[python] avoid data copy where possible #2383

StrikerRUS · 2019-09-05T23:32:31Z

Closed #2380.

StrikerRUS · 2019-09-05T23:35:12Z

python-package/lightgbm/basic.py

@@ -296,7 +296,9 @@ def _data_from_pandas(data, feature_name, categorical_feature, pandas_categorica
            raise ValueError("DataFrame.dtypes for data must be int, float or bool.\n"
                             "Did not expect the data types in the following fields: "
                             + ', '.join(data.columns[bad_indices]))
-        data = data.values.astype('float')
+        data = data.values
+        if data.dtype != np.float32 and data.dtype != np.float64:


Why not simple 'float':

import numpy as np arr = np.array([[1.0, 2.0, 3.0], [4.0, 5.0, 6.0]], dtype=np.float32) arr.dtype == 'float' # False

StrikerRUS · 2019-09-05T23:40:42Z

@guolinke
I'd like to use precise type names to avoid possible problems. Can you please help to identify: is it int32 or int64?
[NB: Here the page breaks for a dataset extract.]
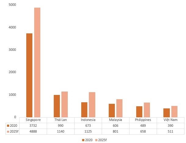 Báo cáo tài sản mới nhất của Knight Frank ước tính tốc độ tăng triệu phú của Việt Nam giai đoạn 2020-2025 là 32%, trong khi tốc độ tăng người siêu giàu với tổng tài sản trên 30 triệu USD là 31%.
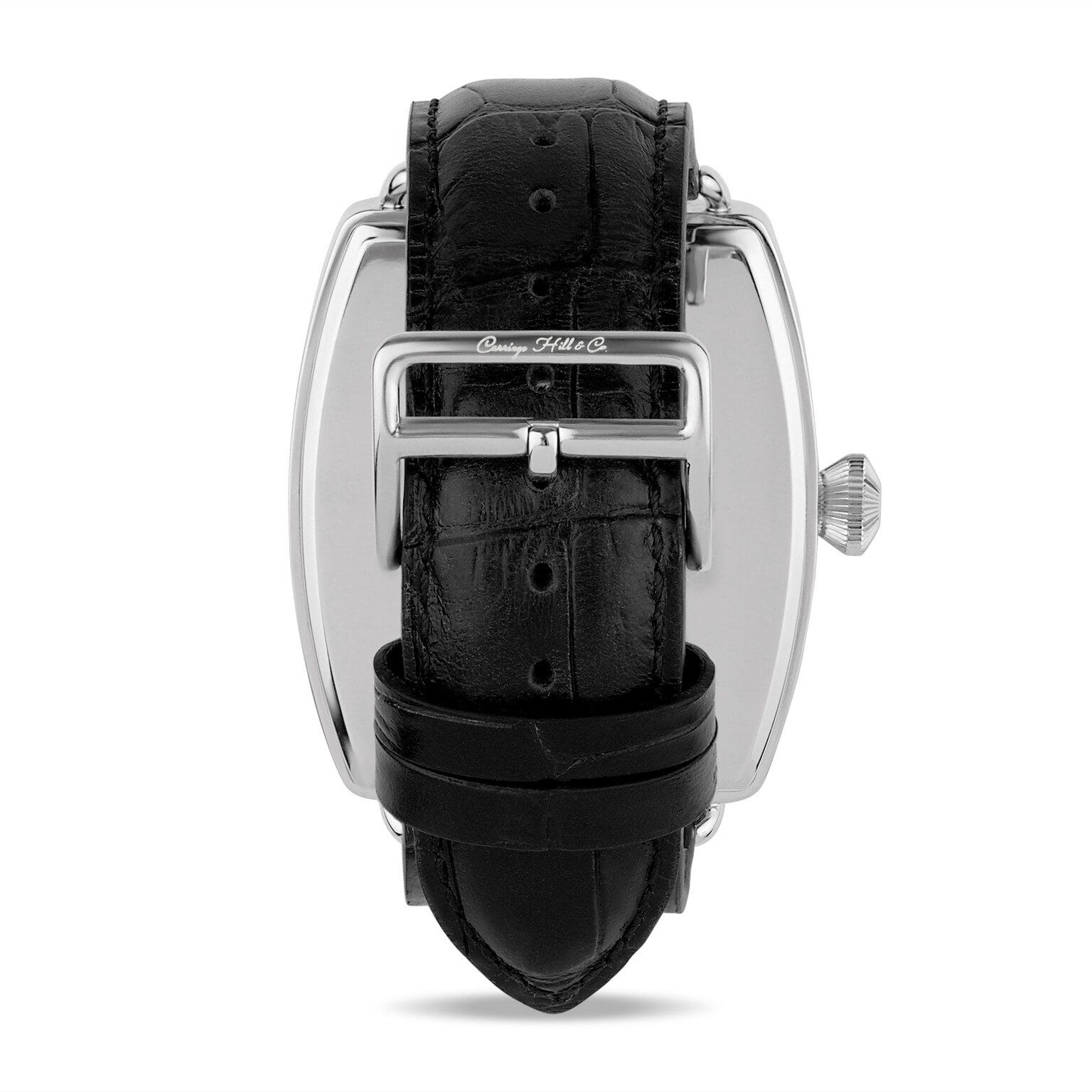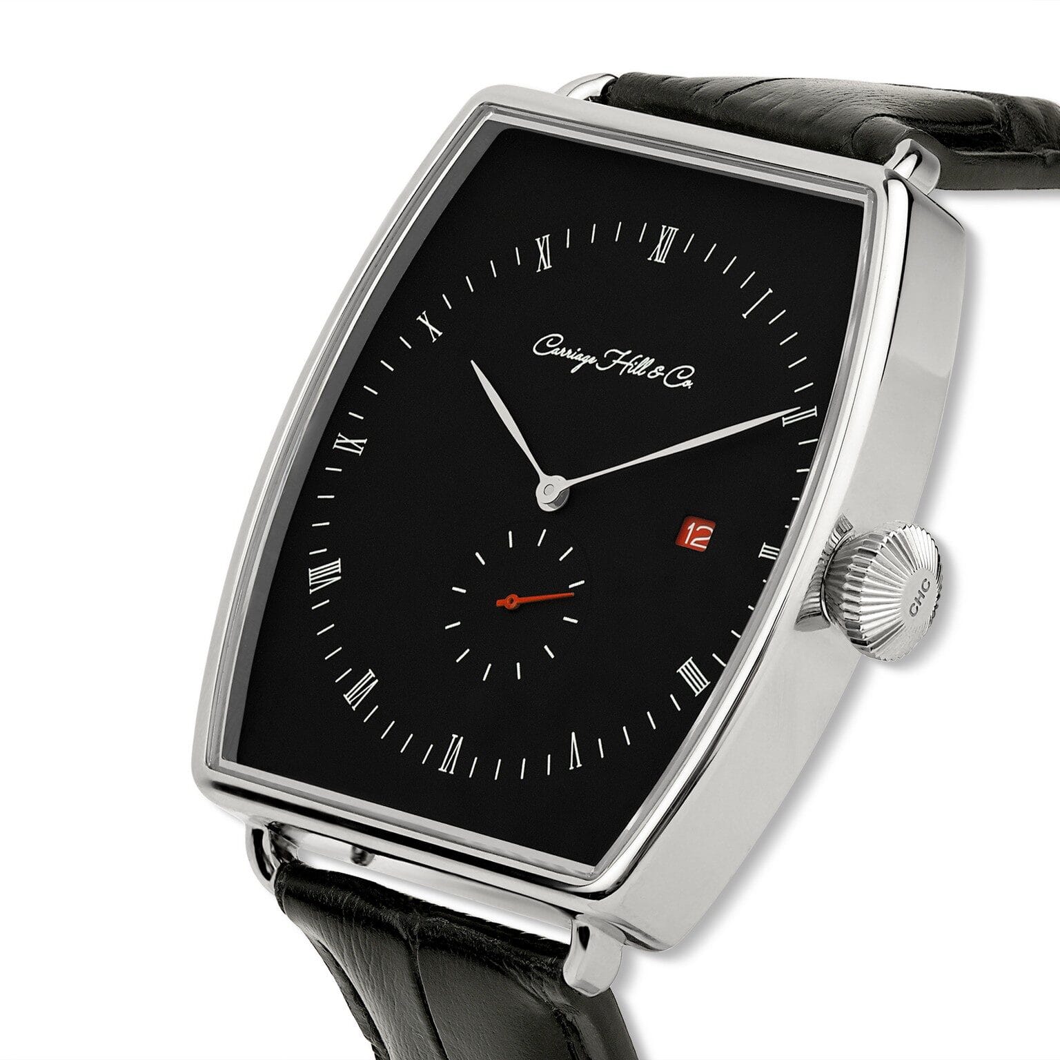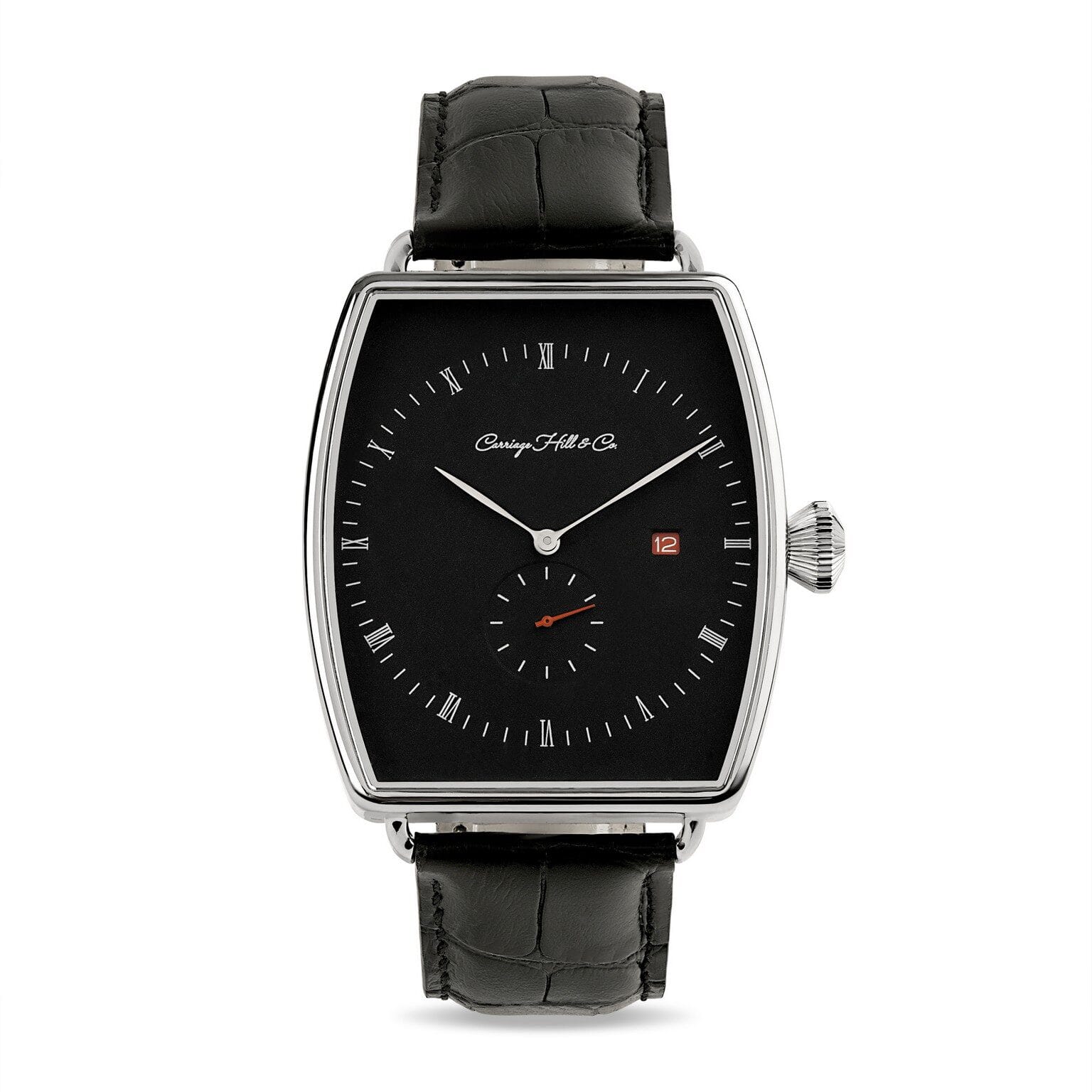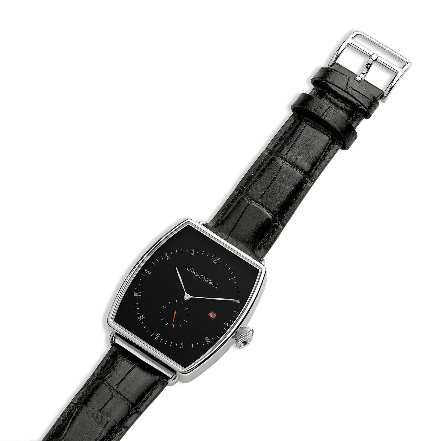 The Heritage Black is where sharp design meets quiet confidence. A deep black dial with Roman numerals is encased in polished silver, accentuated by a red-accented date window and a small seconds subdial at 6 o’clock. Paired with a black calfskin leather strap and protected by a sapphire crystal, this quartz-powered watch delivers enduring style and everyday refinement.

LightGBM/python-package/lightgbm/basic.py

Lines 2510 to 2511 in 29525ff

    
           if importance_type_int == 0: 
        
               return result.astype(int)

guolinke · 2019-09-06T01:41:31Z

@StrikerRUS I think it is int32, refer to:

LightGBM/src/c_api.cpp

Line 1539 in 317b1bf

int importance_type,

guolinke · 2019-09-06T01:42:42Z

@StrikerRUS
seems related to this PR:
#2384

maybe a better solution is to save the numpy type inside lgb.Dataset?

python-package/lightgbm/basic.py

StrikerRUS · 2019-09-06T13:56:09Z

@guolinke

@StrikerRUS I think it is int32, refer to:

Thanks!

maybe a better solution is to save the numpy type inside lgb.Dataset?

Sorry, didn't get it.

StrikerRUS · 2019-09-06T14:00:16Z

python-package/lightgbm/basic.py

@@ -80,10 +80,7 @@ def list_to_1d_numpy(data, dtype=np.float32, name='list'):
    elif isinstance(data, Series):
        if _get_bad_pandas_dtypes([data.dtypes]):
            raise ValueError('Series.dtypes must be int, float or bool')
-        if hasattr(data.values, 'values'):  # SparseArray


Fix FutureWarning:

FutureWarning: The SparseArray.values attribute is deprecated and will be removed in a future version. You can use `np.asarray(...)` or the `.to_dense()` method instead.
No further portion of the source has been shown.